If this were not grim enough, the country's senior-ranking and highly eminent proceduralist ends his paper with a four-paragraph substantive solution to the futures problem.(11) Clearly, we are in trouble.

I join Professor Hazard in his dour pessimism. He correctly and poignantly describes the consequences for asbestos claimants of the Supreme Court's repudiation of the Amchem(12) and Ortiz settlements. Although the Court's rejection of these settlements vindicates due process, it also delays, denies, or devalues justice for thousands of genuinely injured claimants, a practical consequence that largely has been overlooked in the commentary on these decisions.(13)
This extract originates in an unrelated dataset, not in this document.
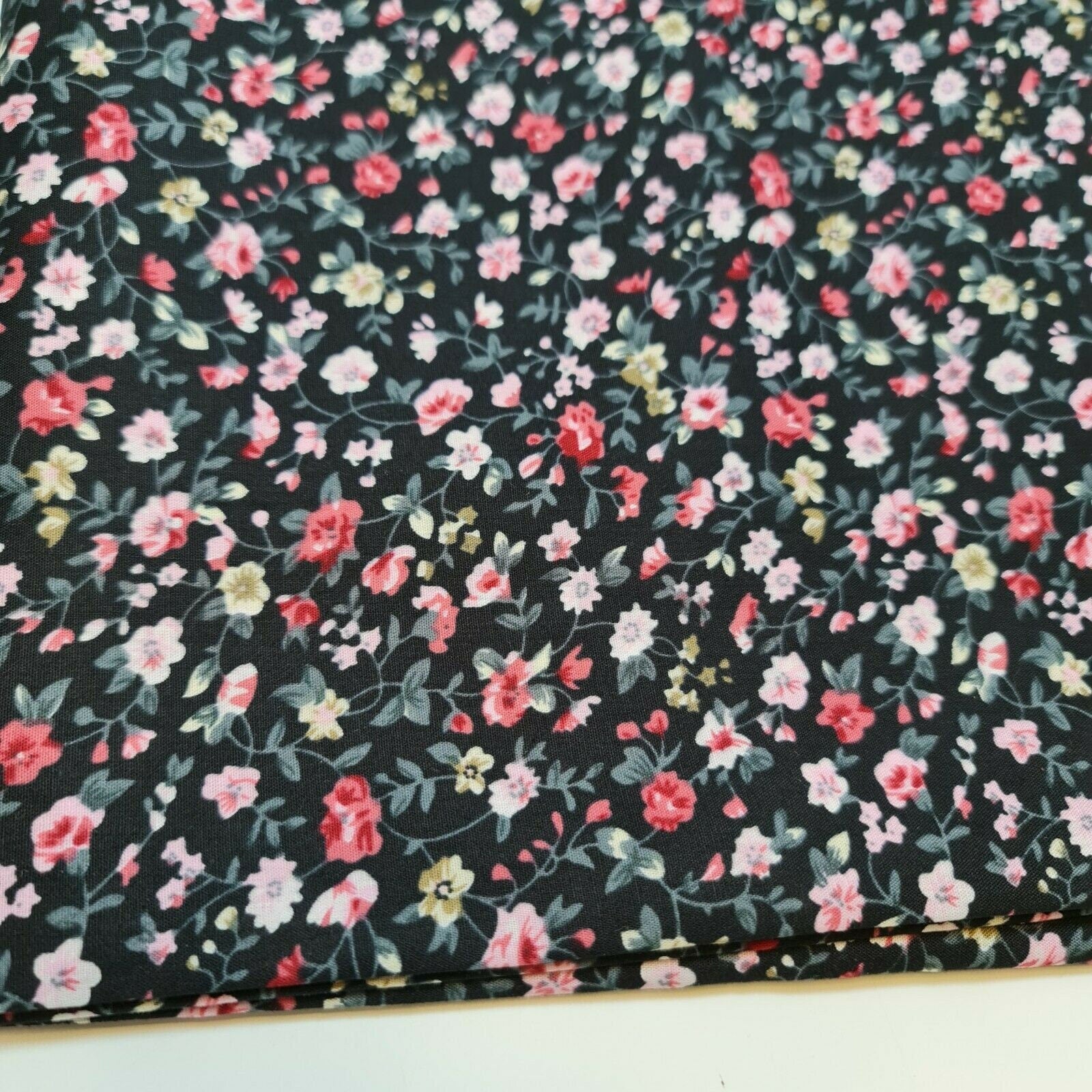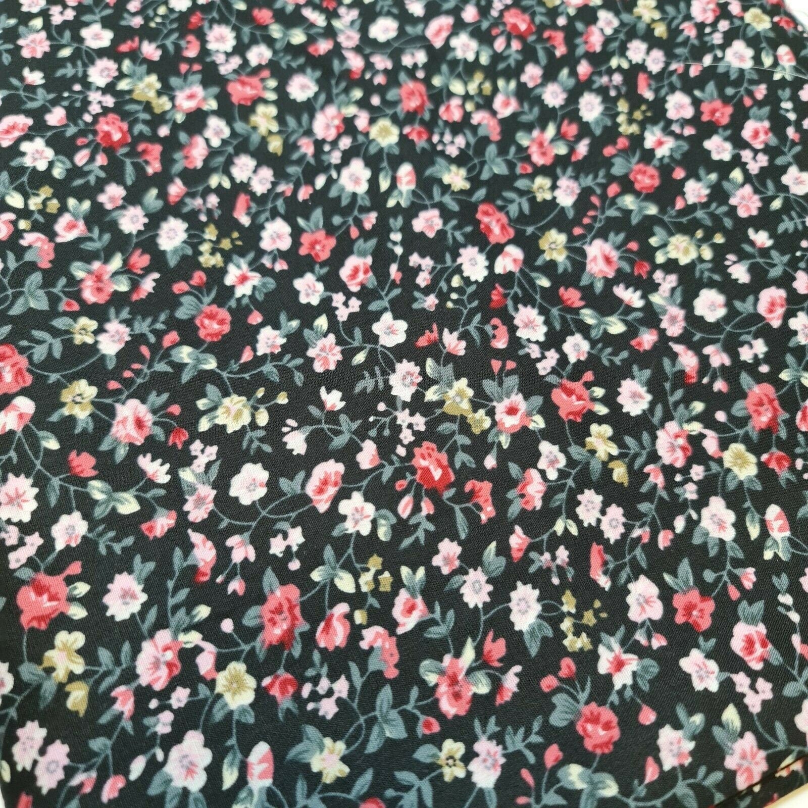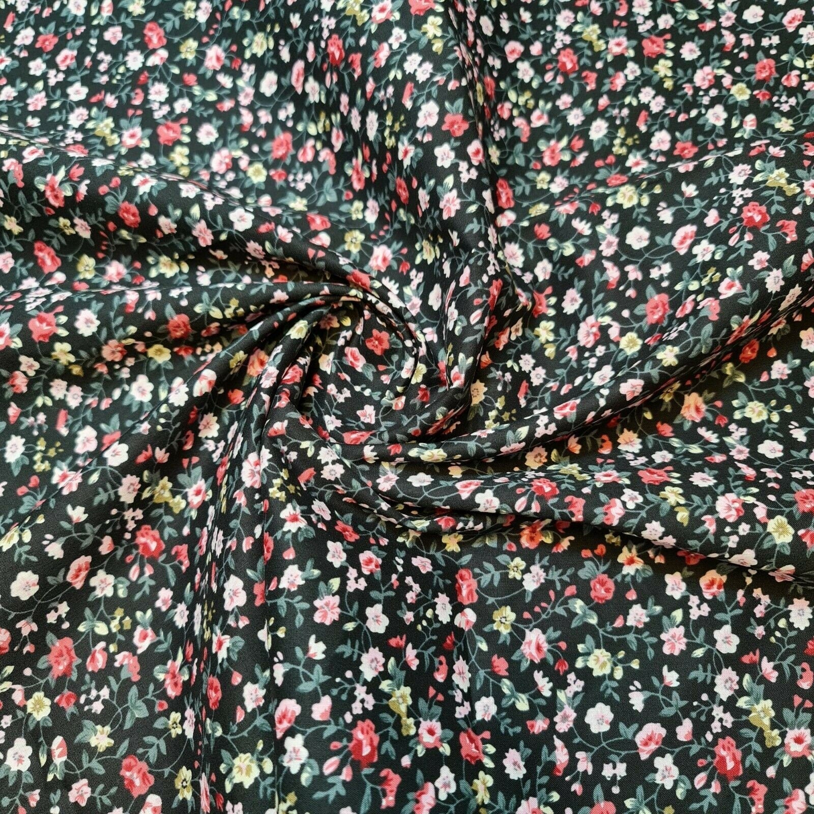 This 100% cotton poplin fabric features a charming floral print, making it a perfect choice for dressmaking, quilting, and creative craft projects. With a smooth, soft texture and breathable quality, this fabric ensures both comfort and durability.

I part company with Professor Hazard's gloom, however, in two respects. Although a consequence of the Amchem and Ortiz decisions may be a decline in the volume of class litigation(14)--a proposition I doubt(15)--class action litigation is far from dead.

As I have written elsewhere, I do not agree that the Ortiz decision effectively killed off the limited-fund class as a means for resolving mass torts or future claims.(16) I do not read Ortiz as flatly prohibiting limited fund class actions or certification of limited fund classes in mass tort litigation. In the future, attorneys will parse the Ortiz decision carefully, making every attempt to "prove up" the existence of the limited fund within the parameters Justice Souter believes the rule requires.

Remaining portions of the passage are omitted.